Ultimately, the future scope of sentiment analysis holds immense potential for enhancing user
experiences, promoting meaningful interactions, and contributing to a more informed and
inclusive digital society.
    In the future, the scope of sentiment analysis models using LSTM and NLP techniques
deployed on platforms like AWS extends to broader applications across various industries. These
models can be adapted to analyze sentiments not only in text but also in other forms of media
such as audio and video content. Additionally, advancements in deep learning and natural
language processing can lead to even more accurate and nuanced sentiment analysis, including
the identification of sarcasm, irony, and cultural nuances.

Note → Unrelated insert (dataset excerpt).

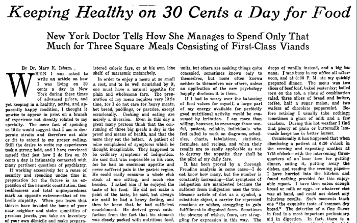 Keeping Healthy on 30 Cents a Day for Food: New York Doctor Tells How She Manages to Spend Only That Much for Three Square Meals Consisting of First-Class Viands

    Furthermore, integrating sentiment analysis with recommendation systems can personalize
user experiences further, offering content suggestions based on sentiment preferences. As social
media platforms continue to evolve and diversify, sentiment analysis models will play a crucial
role in understanding user behavior, informing marketing strategies, and shaping online
interactions. Collaboration with interdisciplinary fields such as psychology and sociology can
also deepen our understanding of human emotions and behaviors in digital environments.
Ultimately, the future scope of sentiment analysis holds immense potential for enhancing user
experiences, promoting meaningful interactions, and contributing to a more informed and
inclusive digital society.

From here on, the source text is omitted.